Exercise requirements
After the line containing "XOMP1 mRNA is", copy nothing more; up to and including it, copy every line of the listing exactly from the first, leaving out the pictures.

Input records
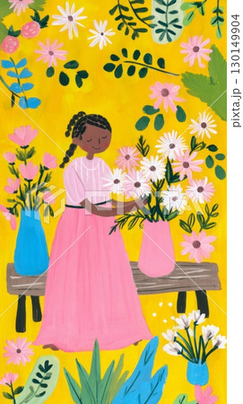 ペーパークラフト風の立体感がある華やかな女性像 アイコンなど、1:1サイズ
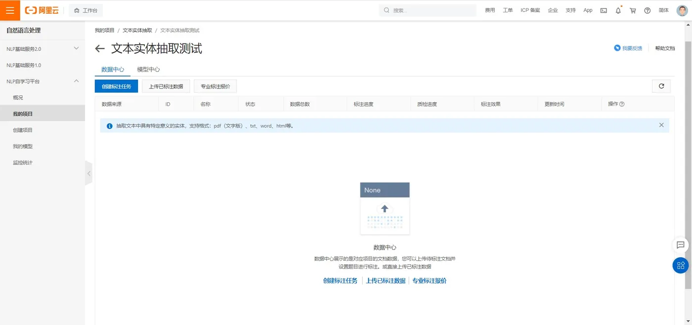 创建并管理自己的项目,目前您可以创建十三种项目类型:1、文本实体抽取;2、文本分类;3、关键短语抽取;4、情感分析;5、文本关系抽取;6、短文本匹配;7、商品评价解析;8、简历抽取;9、双句文本分类;10、招中标信息抽取;11、合同要素抽取;12、合同抽取;13、对话文本分类。
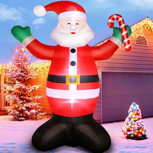 ENLIEASE 6FT Outdoor Santa Inflatable! 🎅 Light up your yard. Cute Santa holding a candy cane—SO festive! 🎄
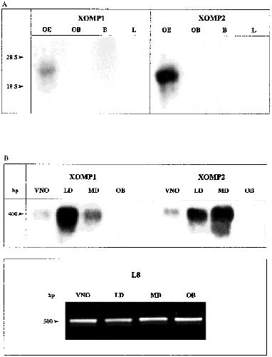 XOMP1 mRNA is visible; in the right blot, expression of XOMP2
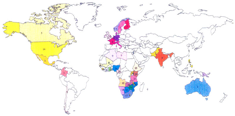 (Numbers reflect the number of times document packages have been sent by Alcom Information Service to respective countries)
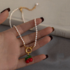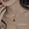 小立交 高品质强光白百何同款天然米粒珍珠红色樱桃琉璃吊坠项链
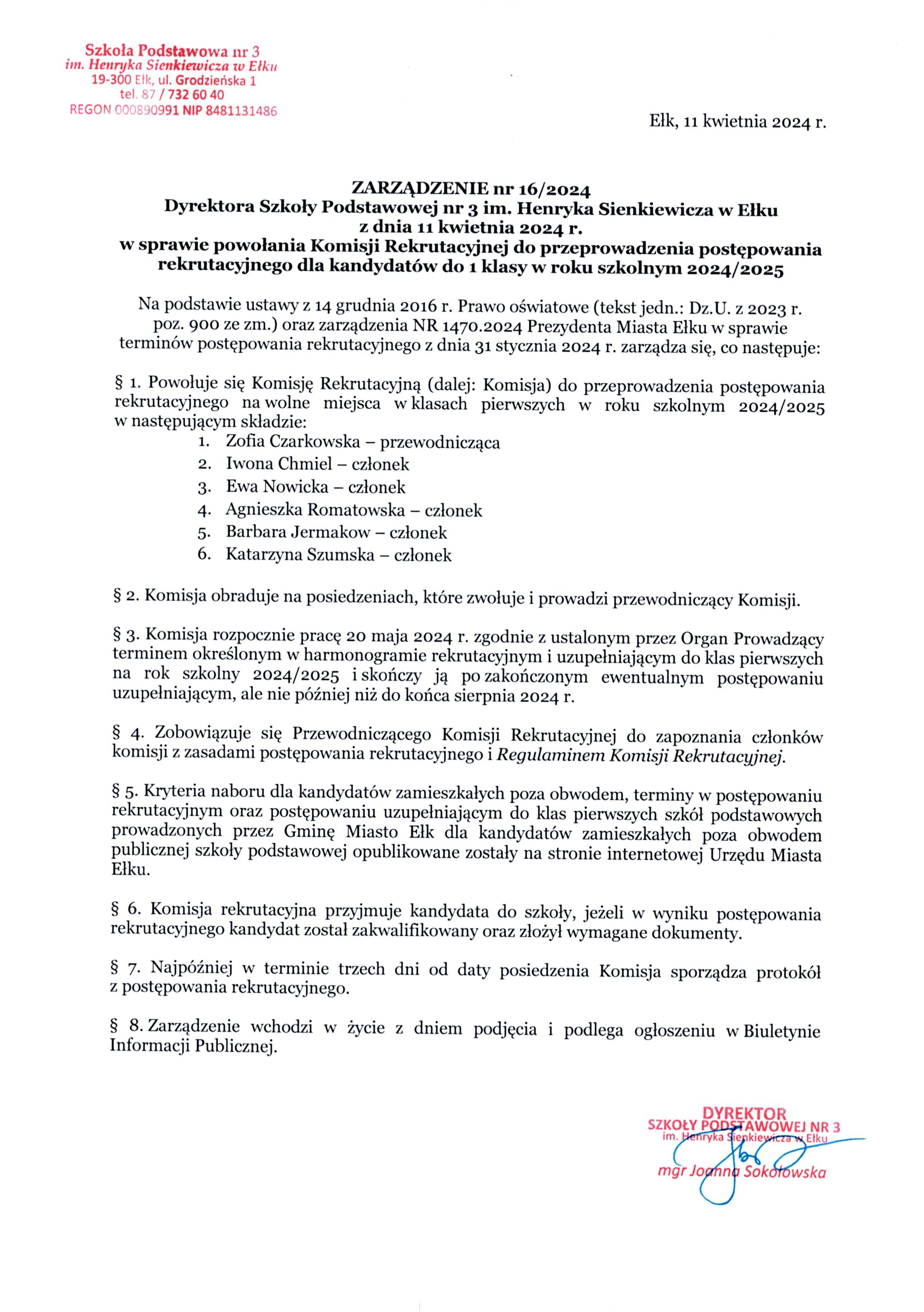 Akt prawny: ZARZĄDZENIE nr 16/2024 Dyrektora Szkoły Podstawowej nr 3 im. Henryka Sienkiewicza w Ełku z dnia 11 kwietnia 2024 r. w sprawie powołania Komisji Rekrutacyjnej do przeprowadzenia postępowania rekrutacyjnego dla kandydatów do 1 klasy w roku szkolnym 2024/202
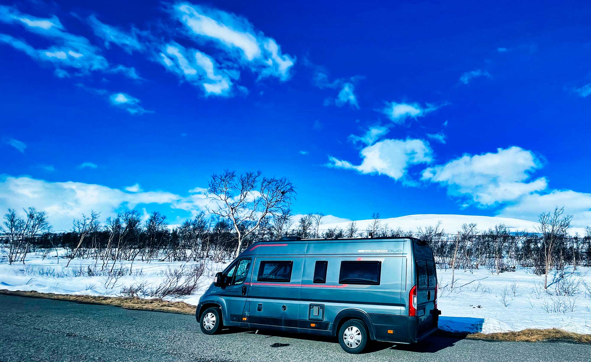 Wir sind jetzt bereits nördlich des Polarkreises und es wird bereits jetzt Ende April hier später dunkel als wir ins Bett gehen können. Letzte Nacht haben wir auf dem Saltfjell-Pass, hoch oberhalb der Baumgrenze, kurz hinter dem Polarkreis genächtig. Auch eine absolut naturnahe Erfahrung so eine Übernachtung im eigenen Hotelzimmer inmitten der rauen Arktis.
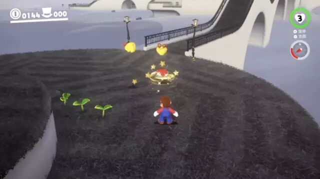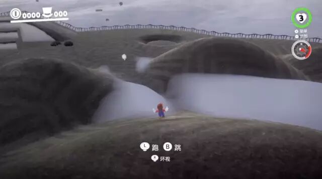 《超级马里奥:奥德赛》的新手引导关卡(1-1帽子国),基本上完全符合上述所有新手引导的设计方式。在这个引导关卡中,设计师将地图分为3个部分。每个部分都是相对独立的空间,负责一部分专项的引导内容。
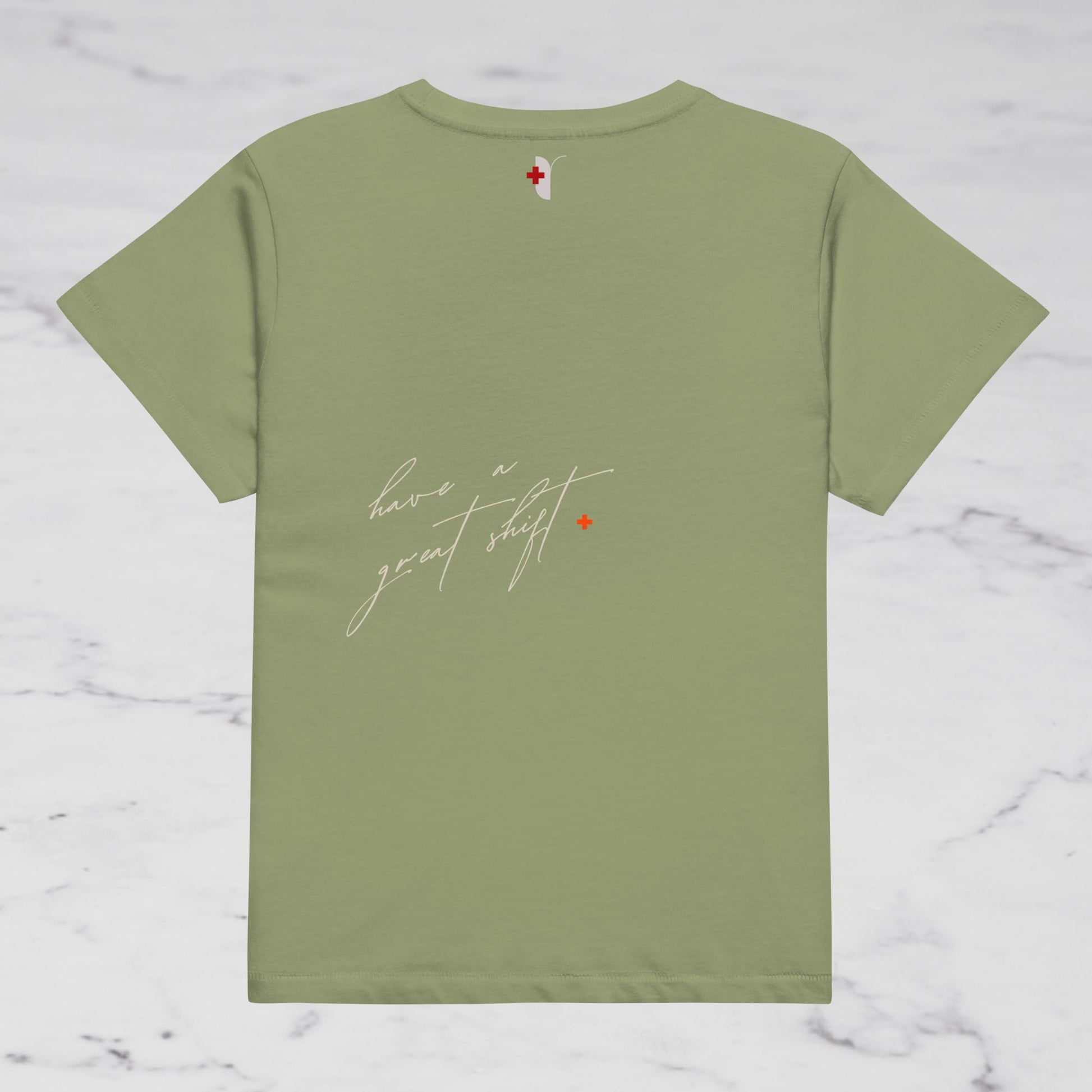 Be proud of your knowledge, contribution, and expertise by showing off your degree in this flattering slim fit tee. With its shorter activewear length, this shirt will look best untucked with high-waisted scrub pants (and appropriate PPE of course!).
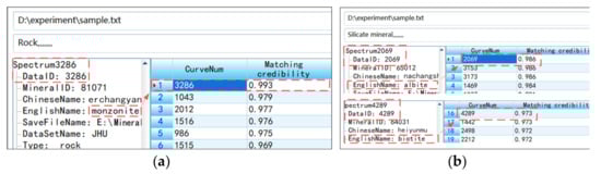 Identification of unknown rock and its composition by the RockSL. (a) The spectral curve of the monzonite (No. 3286) matched well with the spectra of the specimen. (b) Mineral curves of albite (No. 2069) and biotite (No. 4289) matched well with the spectra of the specimen.
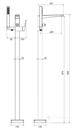 - подходит: к отдельно стоящим ваннам.
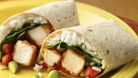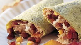 Mango and pineapple slices pair nicely with these Southwest chicken wraps.
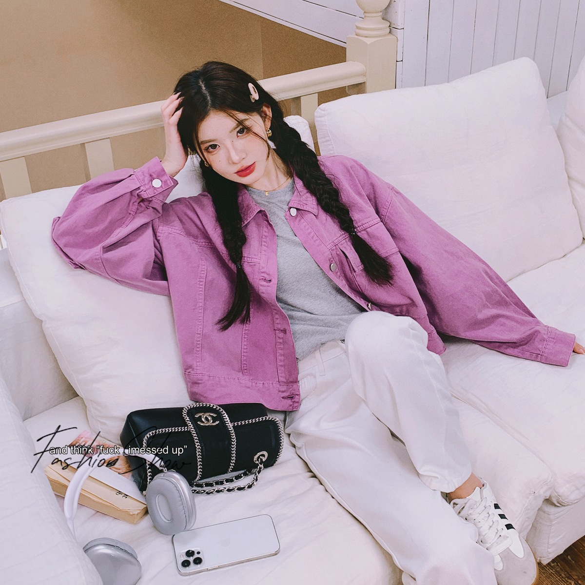 | nameOriginal | Wholesale small sweet cool casual lapel loose single-breasted chic purple pink large pocket Denim short coat for women |
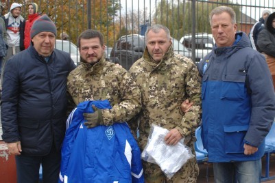 Бойцы спецбатальона «Айдар» Василий и Александр (по понятным причинам мы не называем их фамилии) по приглашению ФК «Динамо» (Киев) прибыли на стадион городка Счастливое, посетив игру лучших команд страны. Резонно, что целью визита был не только просмотр увлекательных матчей юных футболистов из Киева и Донецка. В рамках комплексной программы поддержки украинской армии и переселенцев из зоны АТО, которую клуб разработал и активно реализовывает в последние несколько месяцев, старший тренер ДЮФШ «Динамо» им.Валерия Лобановского Александр Ищенко вручил мужественным бойцам «Айдара» спортивную форму. Более подробно о проведенной акции рассказал Александр Алексеевич.

Output of the task
 ペーパークラフト風の立体感がある華やかな女性像 アイコンなど、1:1サイズ
 创建并管理自己的项目,目前您可以创建十三种项目类型:1、文本实体抽取;2、文本分类;3、关键短语抽取;4、情感分析;5、文本关系抽取;6、短文本匹配;7、商品评价解析;8、简历抽取;9、双句文本分类;10、招中标信息抽取;11、合同要素抽取;12、合同抽取;13、对话文本分类。
 ENLIEASE 6FT Outdoor Santa Inflatable! 🎅 Light up your yard. Cute Santa holding a candy cane—SO festive! 🎄
 XOMP1 mRNA is visible; in the right blot, expression of XOMP2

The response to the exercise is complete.